If you want to retain all the information from one of the input files, you can use the -a option as described above. For example, to retain all the information from "data1.txt" and add additional information from "data2.txt", you could do the following:

sort -k 1 data1.txt > data1.sort.txt
sort -k 1 data2.txt > data2.sort.txt
join -j 1 -a 1 -1 1 -2 1 data1.sort.txt data2.sort.txt > data1_data2.txt

You can use the awk command to fill in any unmatched lines with a placeholder value, such as "NA". For example:

join -j 1 -a 1 -1 1 -2 1 data1.sort.txt data2.sort.txt | awk '{ if (NF < 3) { print $0,NA } else { print } }' > all.txt

This will fill in unmatched lines with "NA" if there are fewer than 3 fields on those lines.

Counting using wc

The wc command is a simple program that allows you to count the number of lines, words, and characters in a file. It can be used on its own or in combination with other commands through the use of pipes.

To use wc, simply enter the command followed by the name of the file you want to analyze. For example, to get a count of the number of lines, words, and characters in a file called data.txt, you would enter the following command:

wc data.txt

You can also specify which type of count you want to see by using options. For example, to see only the line count, you can use the -l option like this:

wc -l data.txt

You can also use wc in combination with other commands, such as set operations, by piping the output to wc -l. This allows you to get counts without creating new files.

For example, you can use the wc -l command in combination with the grep command like this:

grep "pattern" file.txt | wc -l

This will search for the specified pattern in the file and then use wc -l to count the number of lines that contain the pattern.

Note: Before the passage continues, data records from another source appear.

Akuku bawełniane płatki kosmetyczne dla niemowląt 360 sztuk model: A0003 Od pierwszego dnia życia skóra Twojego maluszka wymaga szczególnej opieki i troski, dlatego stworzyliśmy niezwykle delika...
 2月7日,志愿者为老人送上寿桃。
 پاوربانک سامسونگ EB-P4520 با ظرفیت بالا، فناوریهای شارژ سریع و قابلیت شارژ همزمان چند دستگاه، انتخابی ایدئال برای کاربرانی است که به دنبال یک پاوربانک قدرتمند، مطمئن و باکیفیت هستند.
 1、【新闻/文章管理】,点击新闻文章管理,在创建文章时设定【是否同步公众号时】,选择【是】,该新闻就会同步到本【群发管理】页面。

Overall, the wc command is a simple and useful tool for counting lines, words, and characters in a file, and it can be easily combined with other commands for more advanced analysis.

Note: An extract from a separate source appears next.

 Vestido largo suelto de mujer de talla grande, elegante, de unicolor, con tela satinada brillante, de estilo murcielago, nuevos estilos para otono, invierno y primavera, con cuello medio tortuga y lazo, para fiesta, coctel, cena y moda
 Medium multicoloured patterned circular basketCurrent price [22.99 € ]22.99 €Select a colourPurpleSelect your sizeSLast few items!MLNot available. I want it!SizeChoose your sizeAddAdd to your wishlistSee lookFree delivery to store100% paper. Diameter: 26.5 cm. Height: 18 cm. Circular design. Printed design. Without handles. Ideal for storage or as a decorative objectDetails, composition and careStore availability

Retain shell sessions using screen

Screen is a terminal multiplexer that allows you to run multiple shell sessions within a single terminal window, or even after you have disconnected from a remote system. This can be especially useful if you have a long-running task that you need to keep running even after you have logged out.

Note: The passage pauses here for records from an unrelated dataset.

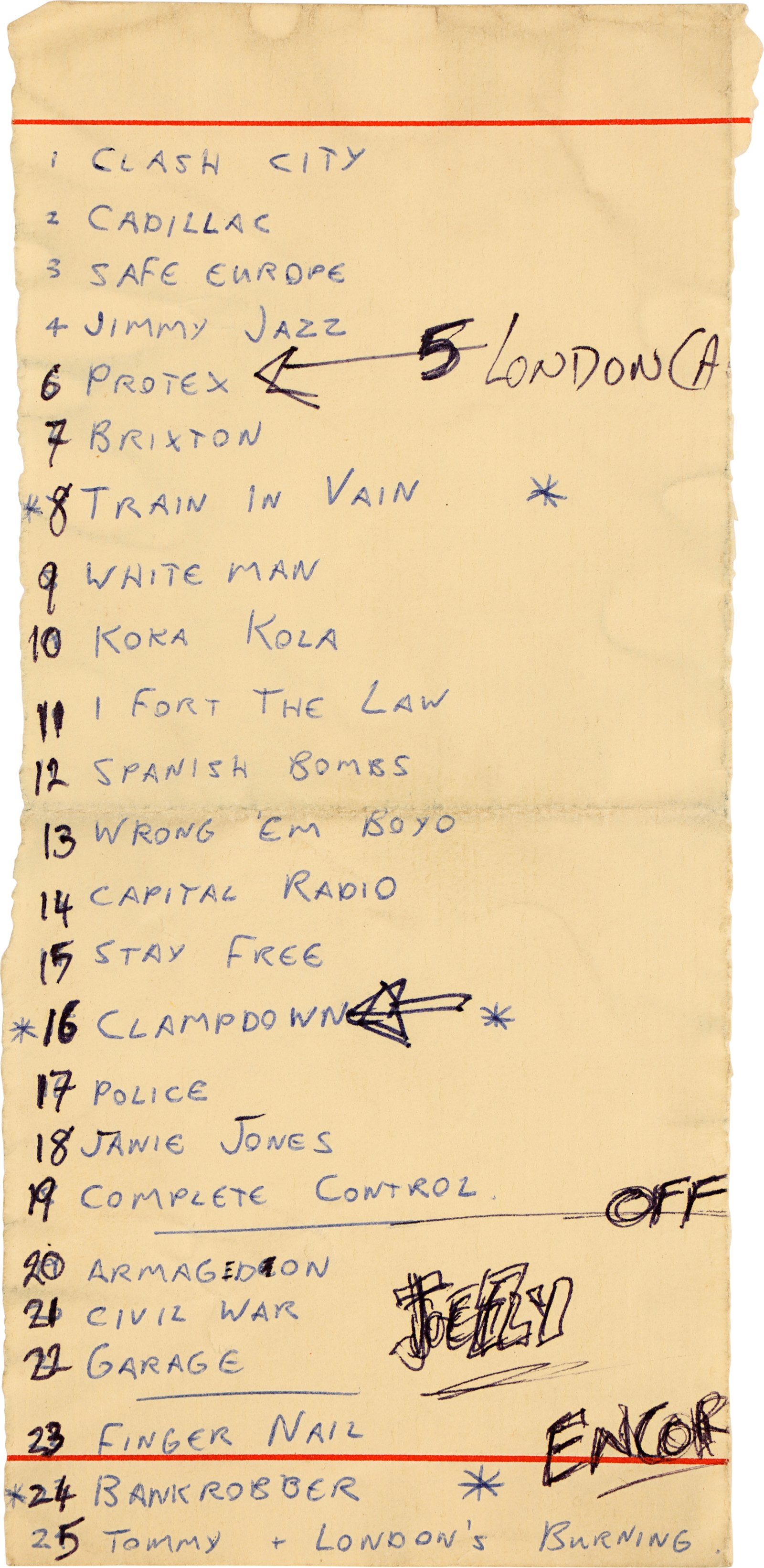 THE CLASH, 494. Joe Strummer Handwritten Set List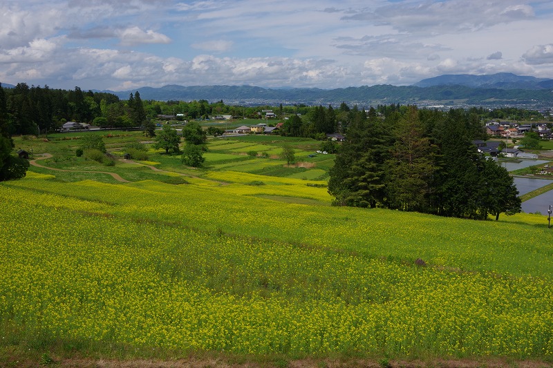 鮮やかな黄色はやはり青空が良く似合います。棚田エリアの展望広場からの撮影です。黄色い絨毯はまだ健在ですよ。今週末まで維持してくれると良いですね。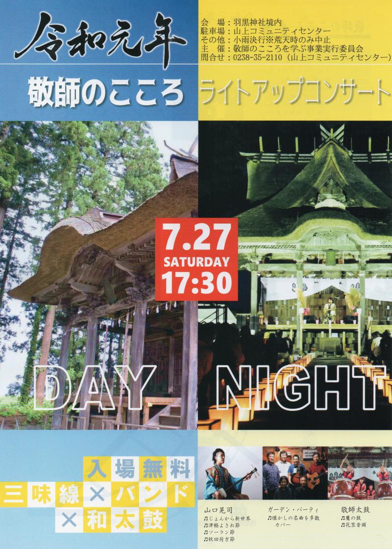山上地区にある羽黒神社をライトアップし、音と光に彩られた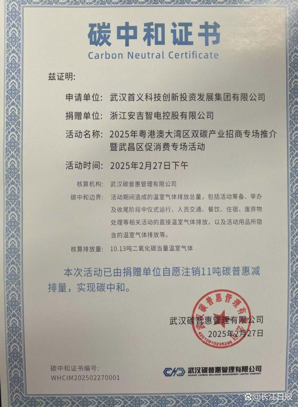 湖北碳交中心為大會頒發(fā)的碳中和證書。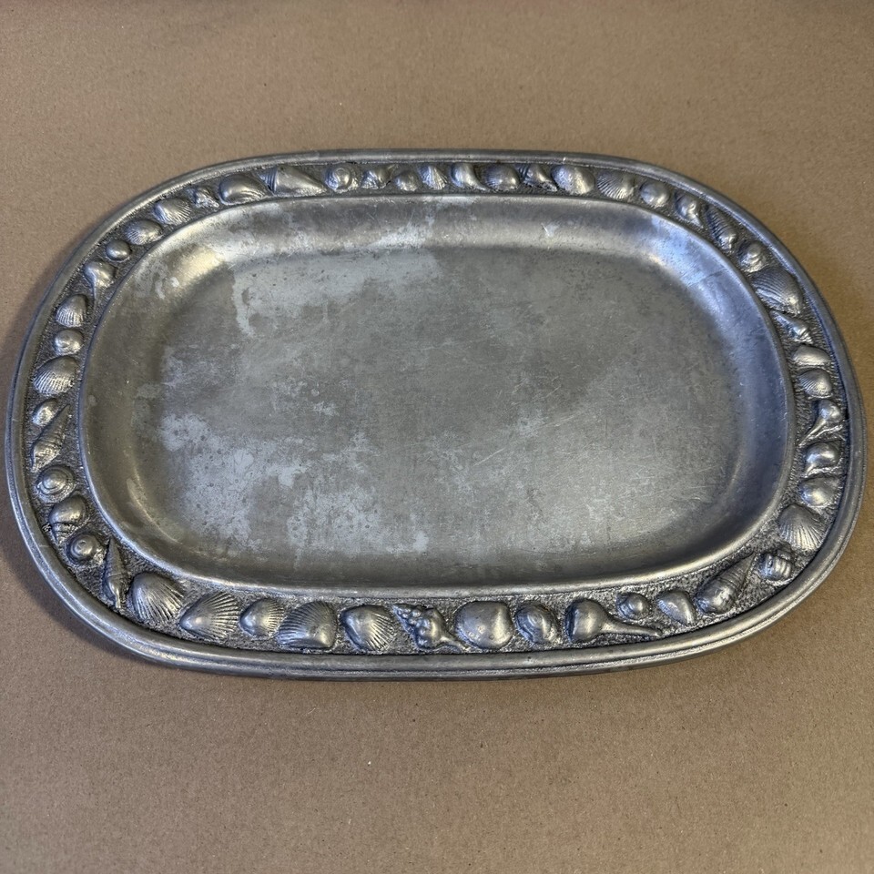 Vintage Wilton Armetale Shell Oval Platter Pewter Embossed Seashell Edge 9.75x13

To use screen, simply type "screen" on the command line. This will start a new shell within screen. You can then work as normal within this shell. When you are ready to disconnect, but keep the shell running in the background, press "Ctrl-a d". This will disconnect you from the screen session, but leave it running in the background.

To reattach to a running screen session, use the command "screen -r". If you have multiple screen sessions running, you can use "screen -ls" to list them, and then use "screen -r -d [pid.tty.host]" to reattach to a specific session. The -d option detaches the session from any other terminal it may be attached to.

While working within a screen session, you can use "Ctrl-a" to issue commands to screen itself. Just be aware that "Ctrl-a" will not move your cursor to the beginning of the line as it does in a standard bash session. For more information on using screen, you can consult the Screen User's Manual.

These are just a few examples of the many shell tricks that can be useful for bioinformatics processing. With a little bit of practice and experimentation, you can use these commands to quickly and efficiently process large datasets and extract the information you need.